[[ EXCERPTED DATA, beginning ]]

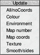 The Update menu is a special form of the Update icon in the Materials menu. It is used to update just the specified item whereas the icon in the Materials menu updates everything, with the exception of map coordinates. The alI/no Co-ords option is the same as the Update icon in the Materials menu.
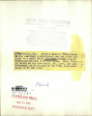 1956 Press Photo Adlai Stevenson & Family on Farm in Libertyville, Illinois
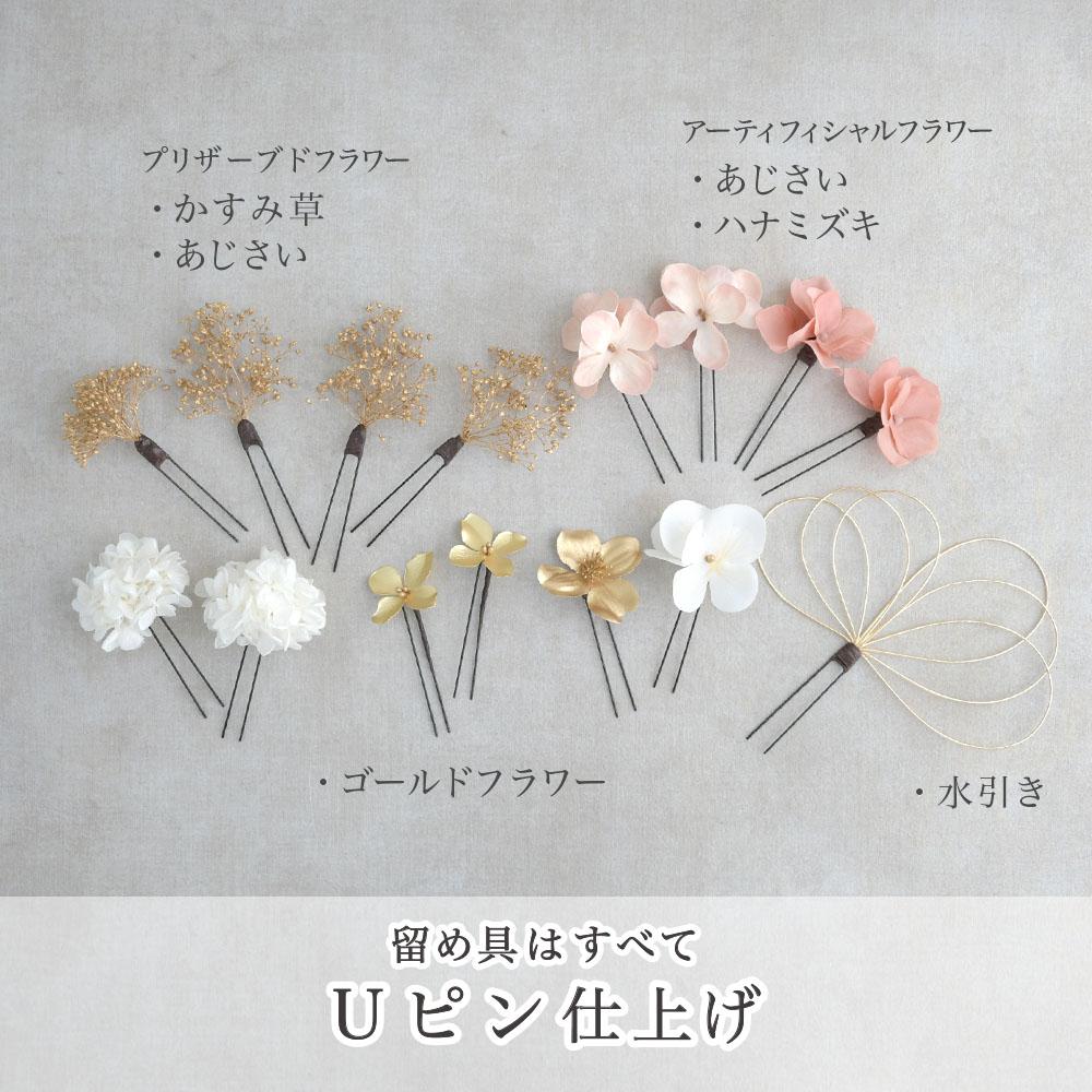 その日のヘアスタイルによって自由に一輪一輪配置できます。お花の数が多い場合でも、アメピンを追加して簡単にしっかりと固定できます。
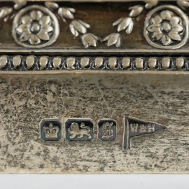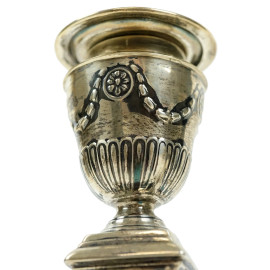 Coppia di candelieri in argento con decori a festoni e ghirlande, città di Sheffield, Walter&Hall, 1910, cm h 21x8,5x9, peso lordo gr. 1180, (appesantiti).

[[ EXCERPTED DATA, end ]]
[[ EXCERPTED DATA, beginning ]]

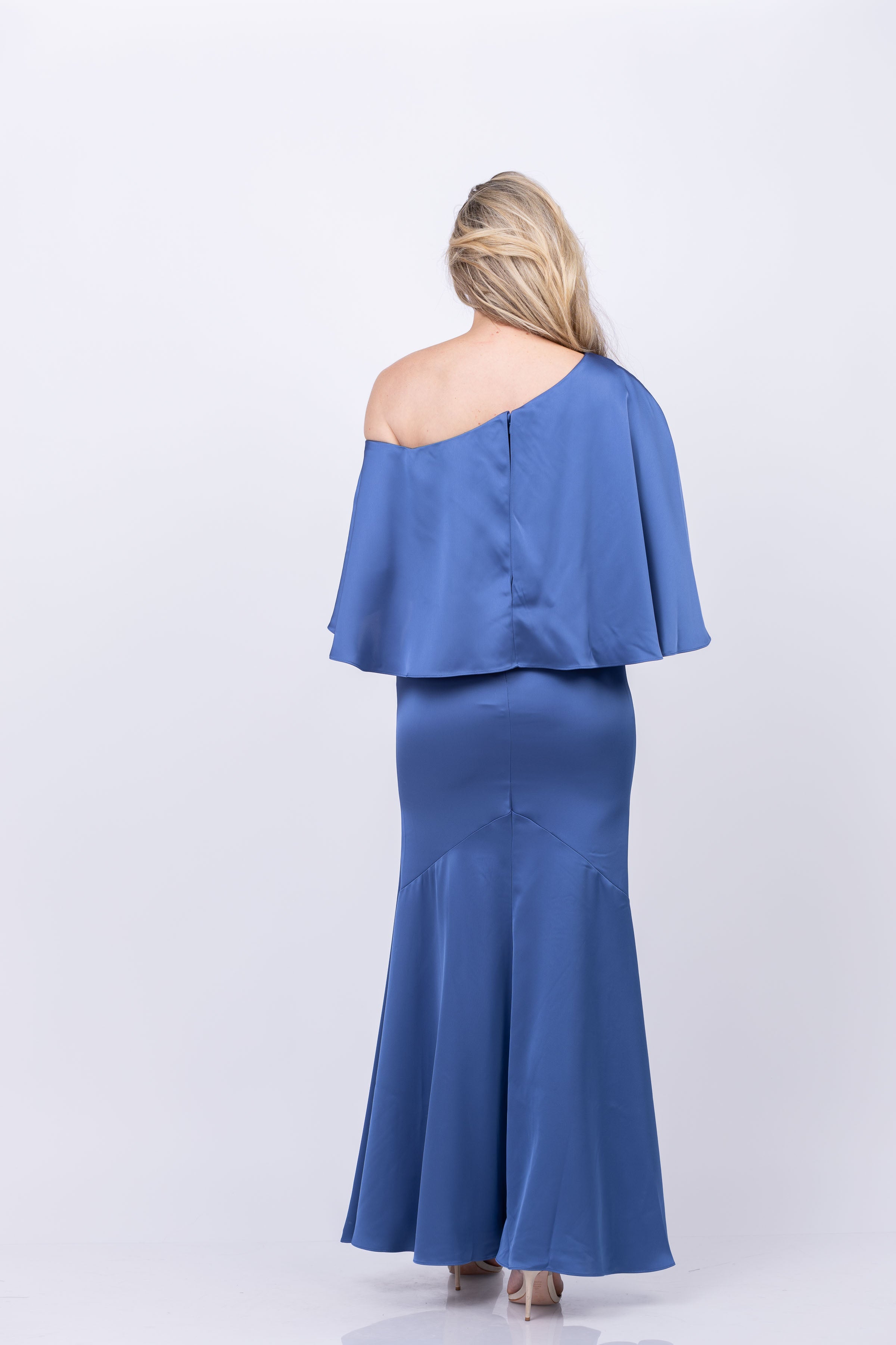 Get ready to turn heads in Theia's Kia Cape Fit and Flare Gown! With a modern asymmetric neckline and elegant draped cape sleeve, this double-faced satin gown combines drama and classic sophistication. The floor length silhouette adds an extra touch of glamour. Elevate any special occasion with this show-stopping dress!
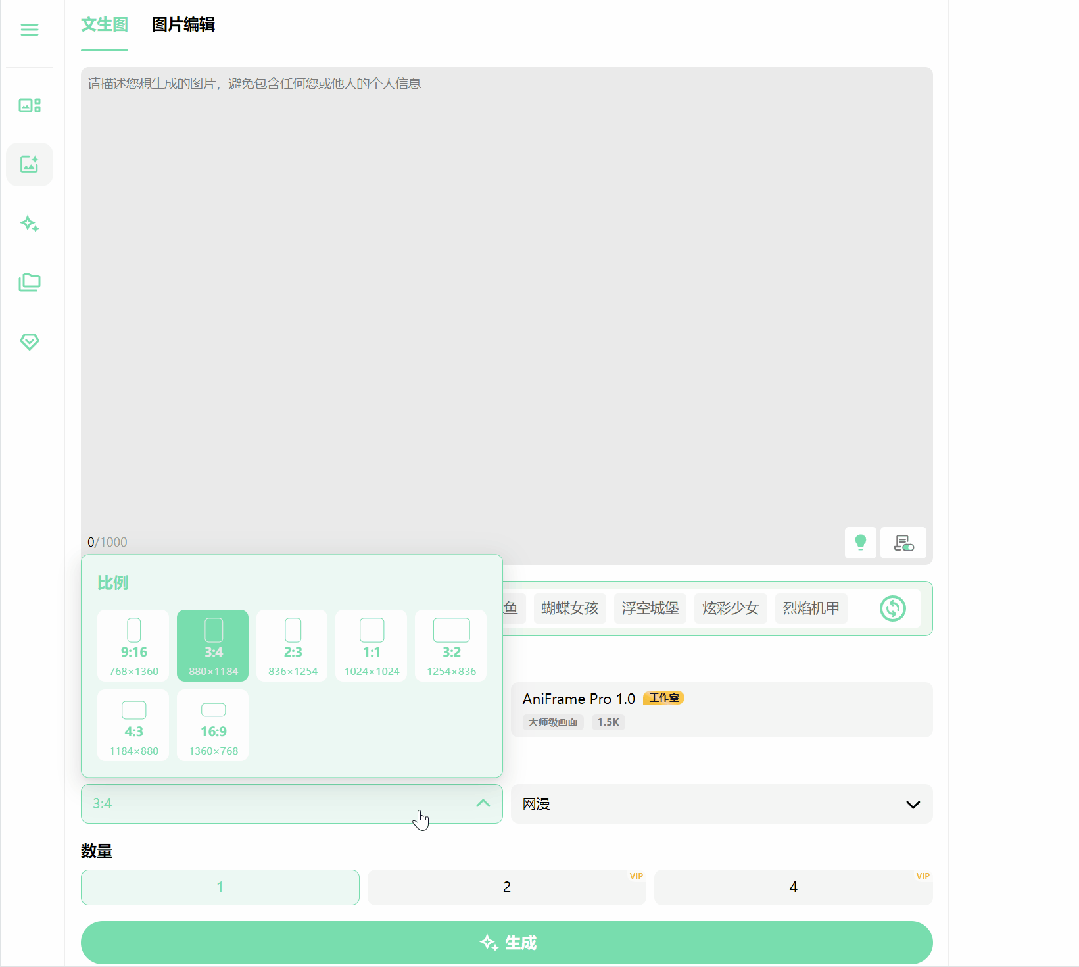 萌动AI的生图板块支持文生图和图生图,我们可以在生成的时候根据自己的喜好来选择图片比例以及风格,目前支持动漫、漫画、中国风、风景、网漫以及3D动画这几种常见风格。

[[ EXCERPTED DATA, end ]]

ASSIGNED TASK | Although the records above contain pictures, the copy should not; retype exactly the lines from the one containing "その日のヘアスタイルによって" through the one containing "Coppia di candelieri".

PROBLEM SOLUTION |
 その日のヘアスタイルによって自由に一輪一輪配置できます。お花の数が多い場合でも、アメピンを追加して簡単にしっかりと固定できます。
 Coppia di candelieri in argento con decori a festoni e ghirlande, città di Sheffield, Walter&Hall, 1910, cm h 21x8,5x9, peso lordo gr. 1180, (appesantiti).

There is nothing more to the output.